Hakuna matata è la risposta: nessun problema. Eppure ci sono. I miei occhi, però, vedevano persone energiche e fresche, in una calma che probabilmente noi occidentali siamo abituati a perdere in situazioni anche molto banali. L’autobus è in ritardo, il semaforo è rosso, qualcuno intralcia la nostra strada e subito l’ansia prende il sopravvento, lo stress e la stanchezza sono la reazione, la diffidenza, la chiusura diventano l’arma. È stato questo a stupirmi di più: la capacità di vivere insieme ai problemi, dentro ad una realtà con i suoi macigni e non contro di essa, non in perenne contrasto. Questa differenza la senti addosso e ti fa sentire leggero, vivo. È stato come assaggiare una pietanza dopo averne sentito a lungo parlare: ho afferrato la forchetta carica di aspettative. Il sapore, però, non è stato quello che immaginavo. Pensavo di assaporare lo strazio di una realtà solo povera ed arretrata, invece ho potuto apprezzare il gusto di una vitalità forte, sincera e allo stesso tempo pacata. Forse è proprio questa la risposta più efficace ad un contesto che a primo impatto definiresti soffocante, se sei abituato a prospettive che lì appaiono tanto innaturali.
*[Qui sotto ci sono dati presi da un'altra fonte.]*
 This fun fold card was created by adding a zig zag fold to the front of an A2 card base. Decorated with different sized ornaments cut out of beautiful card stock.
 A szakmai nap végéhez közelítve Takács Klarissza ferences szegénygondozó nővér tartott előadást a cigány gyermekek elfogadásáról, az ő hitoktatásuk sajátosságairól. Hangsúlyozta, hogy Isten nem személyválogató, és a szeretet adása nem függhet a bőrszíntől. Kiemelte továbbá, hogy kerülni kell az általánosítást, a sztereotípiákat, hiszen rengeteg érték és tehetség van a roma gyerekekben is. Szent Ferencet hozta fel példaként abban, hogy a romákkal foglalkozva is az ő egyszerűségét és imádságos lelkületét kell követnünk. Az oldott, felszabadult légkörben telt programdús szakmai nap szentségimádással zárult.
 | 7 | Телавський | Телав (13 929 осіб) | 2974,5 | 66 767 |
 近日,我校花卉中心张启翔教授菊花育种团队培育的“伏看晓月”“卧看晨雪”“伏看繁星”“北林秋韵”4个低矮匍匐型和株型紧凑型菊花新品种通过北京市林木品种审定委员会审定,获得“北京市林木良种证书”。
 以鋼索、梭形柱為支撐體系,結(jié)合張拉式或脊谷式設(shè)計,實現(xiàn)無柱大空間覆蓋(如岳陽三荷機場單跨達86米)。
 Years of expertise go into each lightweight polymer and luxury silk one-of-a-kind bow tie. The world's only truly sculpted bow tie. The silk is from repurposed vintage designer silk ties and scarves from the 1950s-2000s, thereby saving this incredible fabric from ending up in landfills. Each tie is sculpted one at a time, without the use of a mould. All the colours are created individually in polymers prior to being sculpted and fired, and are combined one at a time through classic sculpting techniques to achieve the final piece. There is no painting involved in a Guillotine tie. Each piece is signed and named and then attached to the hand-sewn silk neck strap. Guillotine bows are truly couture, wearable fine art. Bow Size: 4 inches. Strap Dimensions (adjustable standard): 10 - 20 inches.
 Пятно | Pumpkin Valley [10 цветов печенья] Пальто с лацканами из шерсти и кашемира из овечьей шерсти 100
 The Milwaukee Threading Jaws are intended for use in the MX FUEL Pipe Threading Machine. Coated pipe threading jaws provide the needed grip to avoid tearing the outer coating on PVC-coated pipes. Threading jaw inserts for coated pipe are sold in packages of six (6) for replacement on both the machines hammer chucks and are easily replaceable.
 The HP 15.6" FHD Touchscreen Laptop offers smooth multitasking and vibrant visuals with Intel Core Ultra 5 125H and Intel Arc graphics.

L’Africa non è l’Europa ma parlarne in maniera astratta ne enfatizza una visione patetica che invece non ritrovi negli occhi della gente. Il piatto è semplice, ma speziato, puoi gustarne la peculiarità se metti da parte la pressante esigenza di trovare differenze. Vorrei conservare e condividere la consapevolezza di questa autenticità, tale nonostante le difficoltà, forse grazie ad esse. È un angolo prezioso quello in cui i macigni diventano la propria forza. Forse il vero augurio che faccio a me stessa e a chiunque voglia conoscere qualcosa di nuovo è quello di ricordare sempre di rispettare ciò che si sta per assaggiare, cogliendone i sapori delicati, rudi, amari senza la presunzione di doverli cambiare o salvare in virtù di un modello mentale distante e differente. Semplicemente gustarli, camminarci dentro e crescerci insieme.